Reflections: Van Eyck and the Pre-Raphaelites – National Gallery, London

Let me save you the trouble of reading reviews when deciding whether to go and see this small exhibition at the National Gallery.  Critics don’t like it.  This review in the Guardian is particularly entertaining, and likens Pre-Raphaelite art in the UK’s regional gallery collections to a fatberg (I love a vicious review, don’t you?).  I thought it was a fairly good outing though, for the following reasons:

1. It was reasonably informative from a historical point of view.

The premise of the exhibition is the debt owed by the artists later known as the Pre-Raphaelite Brotherhood (Burne Jones, Millais, Holman Hunt and the like) to the National Gallery’s acquisition of The Arnolfini Marriage by Jan Van Eyck.  Once the property of the Spanish royal family, it exited this collection thanks to a Bonaparte, ended up in the hands of a Scottish soldier (not sure how) and was thence acquired by the National Gallery in 1842 as its first Netherlandish painting.

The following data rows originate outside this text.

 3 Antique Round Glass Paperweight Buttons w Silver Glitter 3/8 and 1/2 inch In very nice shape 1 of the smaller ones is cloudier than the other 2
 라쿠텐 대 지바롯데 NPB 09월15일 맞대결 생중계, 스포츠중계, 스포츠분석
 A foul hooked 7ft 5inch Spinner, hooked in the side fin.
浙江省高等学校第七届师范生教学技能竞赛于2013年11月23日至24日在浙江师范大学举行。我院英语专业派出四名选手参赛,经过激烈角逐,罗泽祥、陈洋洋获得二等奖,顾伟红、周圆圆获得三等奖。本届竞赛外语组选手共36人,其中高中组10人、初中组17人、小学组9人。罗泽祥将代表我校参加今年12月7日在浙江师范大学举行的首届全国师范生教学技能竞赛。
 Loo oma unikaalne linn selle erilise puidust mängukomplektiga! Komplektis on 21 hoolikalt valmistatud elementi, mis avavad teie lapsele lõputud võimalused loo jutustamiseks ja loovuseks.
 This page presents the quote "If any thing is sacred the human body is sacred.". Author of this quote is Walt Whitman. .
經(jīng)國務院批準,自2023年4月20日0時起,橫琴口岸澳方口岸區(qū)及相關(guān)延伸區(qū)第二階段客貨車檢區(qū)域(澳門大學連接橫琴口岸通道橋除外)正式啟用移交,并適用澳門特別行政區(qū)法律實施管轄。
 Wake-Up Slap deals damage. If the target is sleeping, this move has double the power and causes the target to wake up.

It turns out that, at the time, the students of the Royal Academy were housed in the other end of the National Gallery building, and were therefore able to come and study such works with ease.  The curators present some archival information on the painting’s reception and impact on artists, as well as a quote from Burne Jones himself, to make the argument that this very painting gave the rascally young Pre-Raphaelites something to study when rejecting the perceived constraints of the art of the Renaissance and beyond.  Some of the evidence is quite tenuous, for example the fact that both used mirrors and reflections in their paintings, but the detail about technique was interesting.  I’ve seen Mariana by Sir John Everett Millais several times, for example, but learning about the media used and the preparation of the wood as a painting surface lent my viewing experience new depth.  Also interesting (as a favourite theme of mine) is the life history of The Arnolfini Marriage itself, travelling from the Netherlands to Spain to influence Velasquez, and from there to the UK to become a favourite with the public and artists alike.

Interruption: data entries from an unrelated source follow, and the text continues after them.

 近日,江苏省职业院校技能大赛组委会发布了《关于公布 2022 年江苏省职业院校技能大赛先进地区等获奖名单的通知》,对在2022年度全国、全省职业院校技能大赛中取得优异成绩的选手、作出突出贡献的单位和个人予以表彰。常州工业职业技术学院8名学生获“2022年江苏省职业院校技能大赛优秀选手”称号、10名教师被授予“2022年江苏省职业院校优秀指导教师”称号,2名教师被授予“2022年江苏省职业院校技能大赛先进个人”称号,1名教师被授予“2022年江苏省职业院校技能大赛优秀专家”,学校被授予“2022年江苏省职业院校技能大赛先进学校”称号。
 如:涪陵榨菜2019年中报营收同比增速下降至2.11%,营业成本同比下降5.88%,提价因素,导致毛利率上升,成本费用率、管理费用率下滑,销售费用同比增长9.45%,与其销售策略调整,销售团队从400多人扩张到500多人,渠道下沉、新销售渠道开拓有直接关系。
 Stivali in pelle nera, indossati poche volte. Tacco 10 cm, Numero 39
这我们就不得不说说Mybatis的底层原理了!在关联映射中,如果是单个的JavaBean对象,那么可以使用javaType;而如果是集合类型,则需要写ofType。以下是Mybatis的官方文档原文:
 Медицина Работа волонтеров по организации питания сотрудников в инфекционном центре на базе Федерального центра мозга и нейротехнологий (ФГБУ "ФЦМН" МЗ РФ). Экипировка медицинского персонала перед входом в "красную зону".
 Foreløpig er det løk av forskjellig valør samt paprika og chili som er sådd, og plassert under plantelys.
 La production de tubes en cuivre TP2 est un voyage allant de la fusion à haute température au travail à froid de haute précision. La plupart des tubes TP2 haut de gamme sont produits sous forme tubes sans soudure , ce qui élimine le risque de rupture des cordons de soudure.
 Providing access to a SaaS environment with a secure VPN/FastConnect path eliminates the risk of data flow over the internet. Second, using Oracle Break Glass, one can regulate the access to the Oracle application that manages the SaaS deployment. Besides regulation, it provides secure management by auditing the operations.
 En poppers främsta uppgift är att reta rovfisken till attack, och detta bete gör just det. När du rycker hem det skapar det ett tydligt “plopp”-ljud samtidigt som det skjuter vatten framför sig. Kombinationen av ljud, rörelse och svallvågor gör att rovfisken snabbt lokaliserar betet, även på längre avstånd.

2. I quite like Pre-Raphaelites

Ok so this is more of a personal preference, but I do.  The touring of the Tate’s Pre-Raphaelite exhibition to the Dunedin Public Art Gallery in 2003 or thereabouts was a formative moment in my interest in art history, and several of these paintings are old friends from that show.  I find the characters of Morris, Rossetti, the wives and girlfriends and so on to be endearing if sometimes a bit ridiculous, and I rather like the rich colours and textures and romantic legends of their paintings.  So that was reason number two.

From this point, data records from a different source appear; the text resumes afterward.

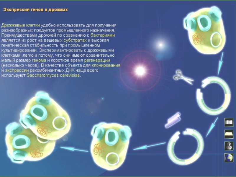 кг. белка, а 500кг.растений сои продуцируют за тот же срок 5 кг. белка, равная же масса дрожжей способна выработать в биореакторе за сутки 50 тонн белка, что в 100 раз превышает их собственную массу и равно массе 5 взрослых слонов).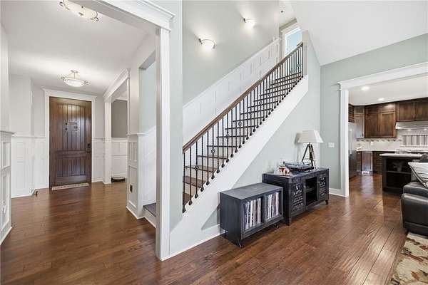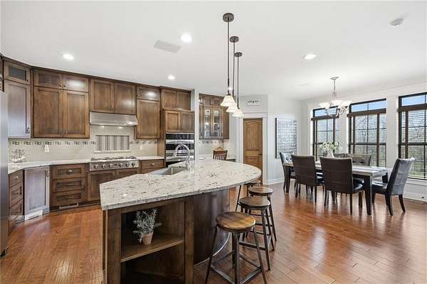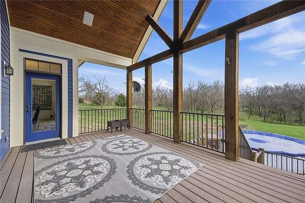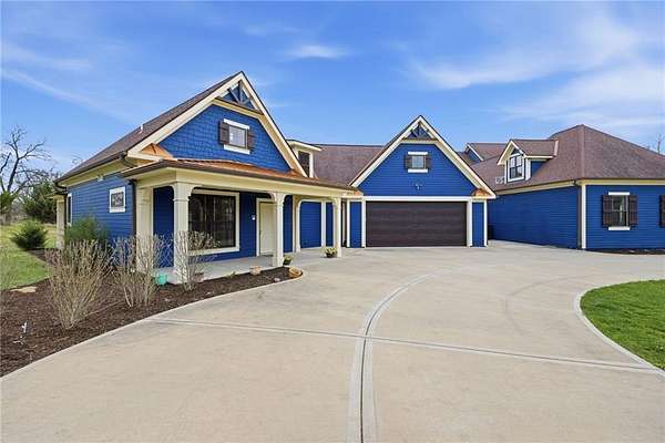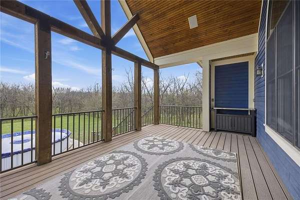 Tucked away on nearly 6 wooded acres (5.62+/-), this custom modern Craftsman estate offers a rare blend of privacy, craftsmanship, & luxury living just minutes from Johnson County in Northern Miami County. A tree-lined drive winds through mature timber to the circular drive & welcoming covered front porch. Inside, stunning honed HDWD floors flow through the main living areas. The foyer opens to a dining RM & a spectacular great RM featuring a vaulted ceiling, stone FP flanked by built-ins, & a dramatic floor-to-ceiling arched window framing sweeping forest views. The great RM adjoins the custom kitchen & BKFST area w/walkout access to a covered deck. The kitchen is designed for serious cooking w/granite counters, a large island, SS appliances including an Electrolux refrigerator/freezer, built-in oven, convection micro, 6-burner gas cooktop w/commercial hood, lazy-Susan corner cabinets, central vacuum w/convenient crumb drawer, & abundant storage. The main-LVL owner's suite features honed HDWD floors & a spa-inspired bath w/glass shower, claw-foot soaking tub, & walk-in closet. A private office w/a built-in desk & cabinetry, full bath, & laundry RM w/sink complete the main LVL. Upstairs offers 2 expansive BRs w/walk-in closets & a full bath. The semi-finished walkout LL includes stained epoxy flooring, family & rec RMs opening to the patio & pool, plus a 4th BR/exercise RM & full bath. A breezeway connects the home to a private guest cottage w/bamboo flooring, full kitchen w/pantry, living area, BR, bath, laundry, its own garage, & patio overlooking the forest. Additional highlights include zoned HVAC, stand-by whole house generator, security system, water softener & purifier, Z-Wave ready for home automation (you provide computer), indoor/outdoor surround sound -- 6 Polk speakers in kitchen, breakfast, deck & patio, cell booster, & an enclosed goat yard w/outbuildings. Secluded acreage, scenic views, & refined finishes create a truly exceptional retreat.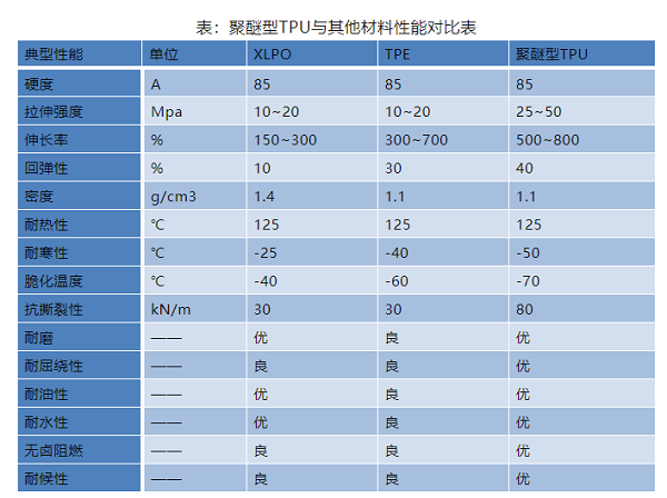 二、護套材質(zhì)TPU與其它材質(zhì)的性能對比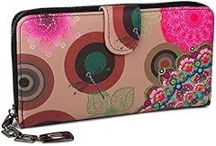 styleBREAKER Geldbörse mit Ethno Blumen und Blüten Muster, Vintage Design, Reißverschluss, Portemonnaie, Damen 02040040, Farbe:Beige-Braun-Dunkelbraun-Pink

3. I didn’t have to pay to get in

ICOM cards (International Council of Museums) are a wonderful thing.  It makes a world of difference to one’s enjoyment of an exhibition (or at least to my enjoyment) whether a substantial entry charge has been handed over or not.  This particular exhibition costs £10 on weekdays and £12 at weekends (not a pricing model I’ve seen before, and hopefully not a new trend), which seems a little steep for a display mostly of works from the National Gallery itself and from the Tate.  There was another exhibition downstairs of Degas pastels which was a similar size and calibre but completely free, which seemed to me more reasonable.

If, like me, you want to get your money’s worth in a cultural outing, you may wish to wait a month and see The Arnolfini Marriage when it goes back out into the normal galleries, take special note of the mirror, and imagine yourself to be a young art student railing against the tyranny of Italian Renaissance art.  I imagine it will give much the same effect but be easier on the pocket.

So, dear readers, go to this one if you also like Pre-Raphaelites and are reasonably interested in the formation of historic collections, and particularly if you can get in for free.  If not, you could give it a miss, and read some of the reviews instead for entertainment!